● Provided records:
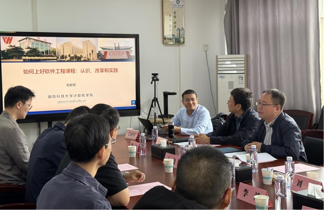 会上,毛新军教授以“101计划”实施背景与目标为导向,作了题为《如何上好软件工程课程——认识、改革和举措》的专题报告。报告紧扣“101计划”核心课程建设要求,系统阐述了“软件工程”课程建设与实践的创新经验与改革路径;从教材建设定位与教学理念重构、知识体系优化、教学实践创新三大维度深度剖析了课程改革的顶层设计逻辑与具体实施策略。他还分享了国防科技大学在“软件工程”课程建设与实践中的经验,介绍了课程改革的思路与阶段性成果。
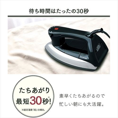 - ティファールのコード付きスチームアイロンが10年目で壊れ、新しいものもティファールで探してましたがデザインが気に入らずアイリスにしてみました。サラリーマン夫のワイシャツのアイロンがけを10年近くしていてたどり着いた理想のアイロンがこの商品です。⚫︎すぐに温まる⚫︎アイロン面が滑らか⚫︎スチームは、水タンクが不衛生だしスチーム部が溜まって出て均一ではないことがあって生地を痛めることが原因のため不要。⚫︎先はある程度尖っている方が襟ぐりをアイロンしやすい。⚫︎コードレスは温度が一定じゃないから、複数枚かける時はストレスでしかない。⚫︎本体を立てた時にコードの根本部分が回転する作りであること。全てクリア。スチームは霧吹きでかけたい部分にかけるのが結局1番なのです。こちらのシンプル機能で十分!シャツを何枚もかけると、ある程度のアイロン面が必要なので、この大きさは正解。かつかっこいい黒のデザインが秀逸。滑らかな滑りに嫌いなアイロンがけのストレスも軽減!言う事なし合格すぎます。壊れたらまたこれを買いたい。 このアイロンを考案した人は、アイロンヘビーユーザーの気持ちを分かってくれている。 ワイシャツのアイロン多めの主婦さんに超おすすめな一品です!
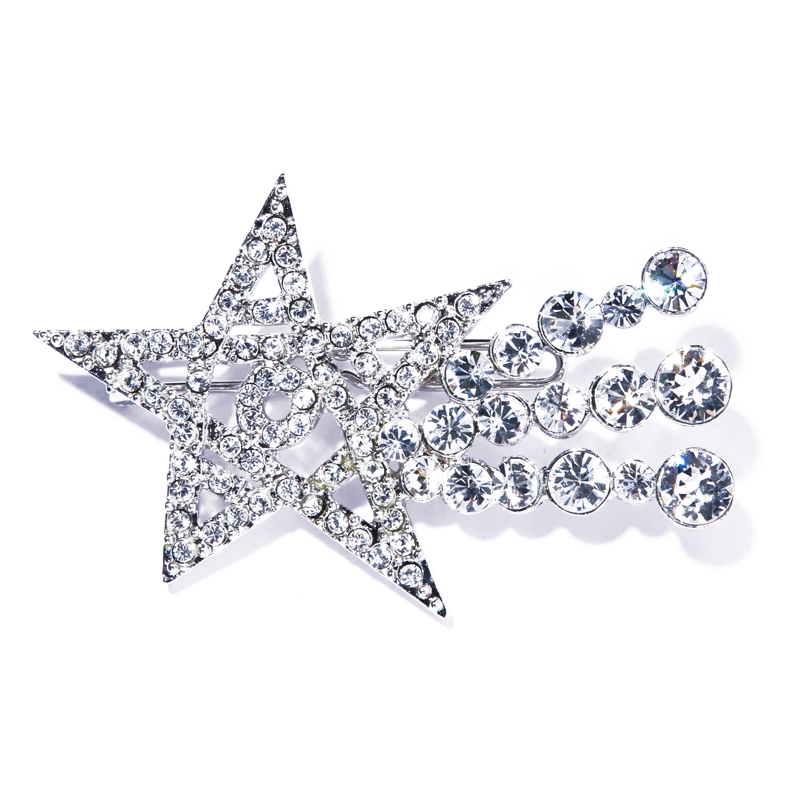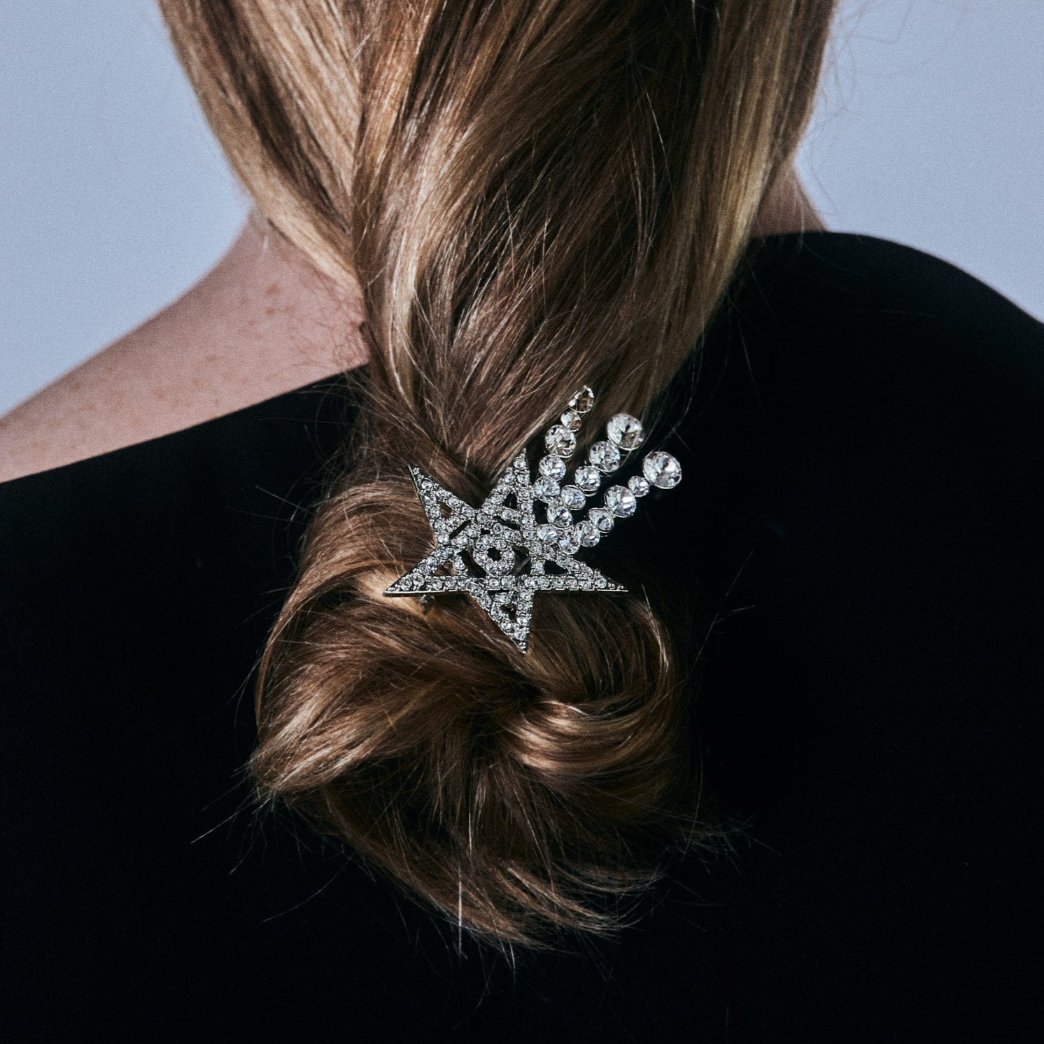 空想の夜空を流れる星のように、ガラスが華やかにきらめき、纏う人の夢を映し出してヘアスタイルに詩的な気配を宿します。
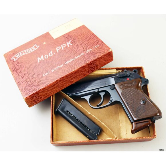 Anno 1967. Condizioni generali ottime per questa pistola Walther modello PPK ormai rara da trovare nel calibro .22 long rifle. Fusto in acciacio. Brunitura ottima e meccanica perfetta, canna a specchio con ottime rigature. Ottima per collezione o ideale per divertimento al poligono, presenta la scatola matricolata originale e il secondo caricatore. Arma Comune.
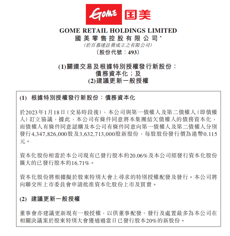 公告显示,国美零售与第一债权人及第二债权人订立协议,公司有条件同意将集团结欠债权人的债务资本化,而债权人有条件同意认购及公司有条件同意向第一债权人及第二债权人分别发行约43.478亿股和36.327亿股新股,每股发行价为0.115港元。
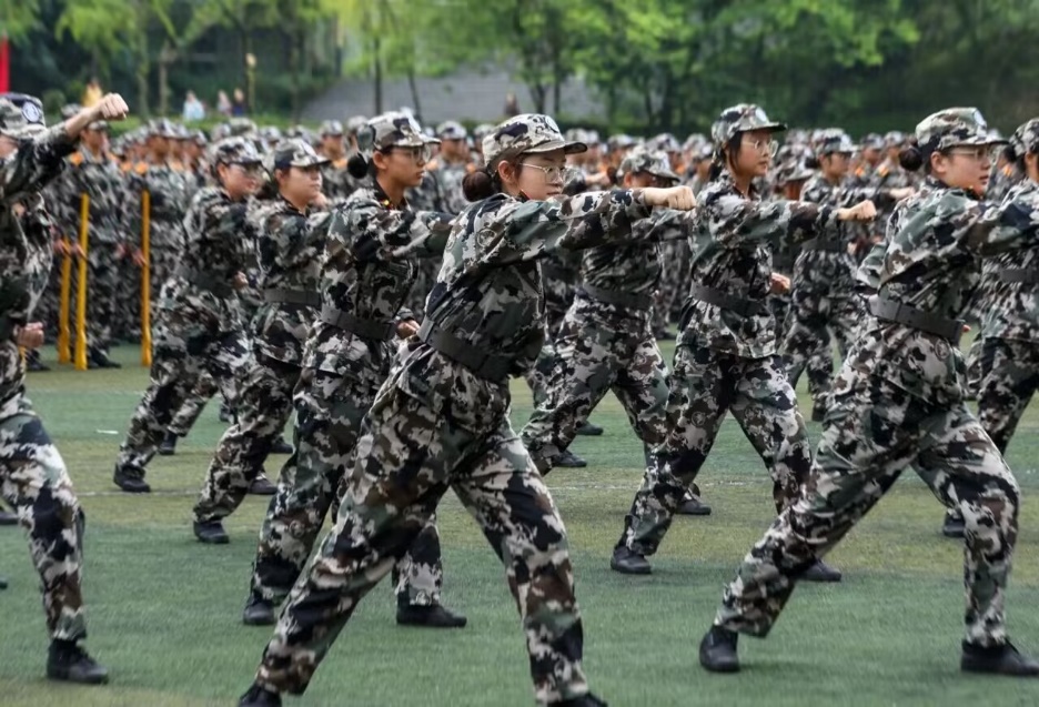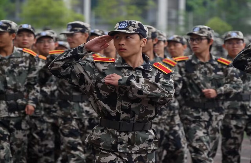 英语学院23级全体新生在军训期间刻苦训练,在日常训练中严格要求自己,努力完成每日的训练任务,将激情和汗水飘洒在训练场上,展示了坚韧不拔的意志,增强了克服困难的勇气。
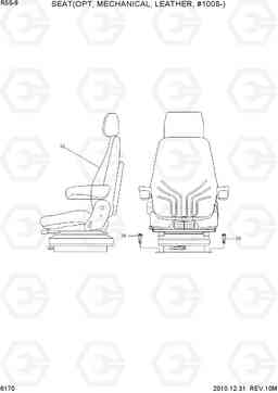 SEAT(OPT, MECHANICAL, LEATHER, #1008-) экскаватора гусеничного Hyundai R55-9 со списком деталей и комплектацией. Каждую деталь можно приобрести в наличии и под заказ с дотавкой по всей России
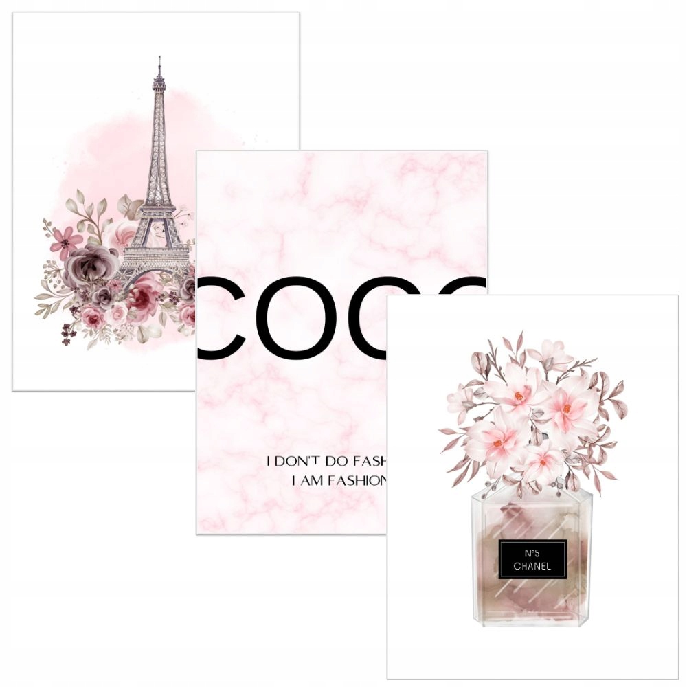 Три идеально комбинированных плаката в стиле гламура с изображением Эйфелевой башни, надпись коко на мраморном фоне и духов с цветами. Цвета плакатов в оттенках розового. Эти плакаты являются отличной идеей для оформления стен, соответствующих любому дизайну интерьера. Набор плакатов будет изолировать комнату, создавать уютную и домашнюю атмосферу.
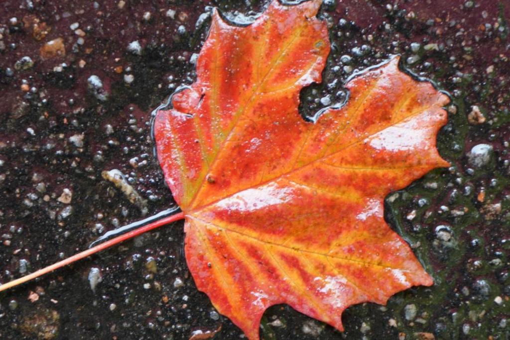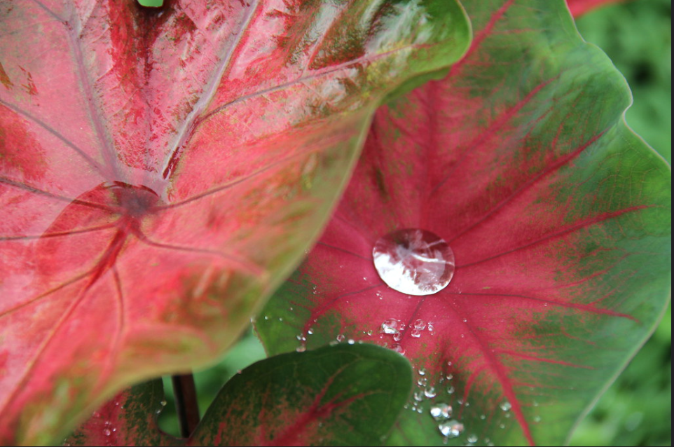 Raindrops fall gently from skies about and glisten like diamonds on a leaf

● Your task:
Starting at the line that contains "SEAT(OPT, MECHANICAL, LEATHER, #1008-)", transcribe each line through the last one of the entries above, exactly and without pictures.

● Solution to the exercise:
 SEAT(OPT, MECHANICAL, LEATHER, #1008-) экскаватора гусеничного Hyundai R55-9 со списком деталей и комплектацией. Каждую деталь можно приобрести в наличии и под заказ с дотавкой по всей России
 Три идеально комбинированных плаката в стиле гламура с изображением Эйфелевой башни, надпись коко на мраморном фоне и духов с цветами. Цвета плакатов в оттенках розового. Эти плакаты являются отличной идеей для оформления стен, соответствующих любому дизайну интерьера. Набор плакатов будет изолировать комнату, создавать уютную и домашнюю атмосферу.
 Raindrops fall gently from skies about and glisten like diamonds on a leaf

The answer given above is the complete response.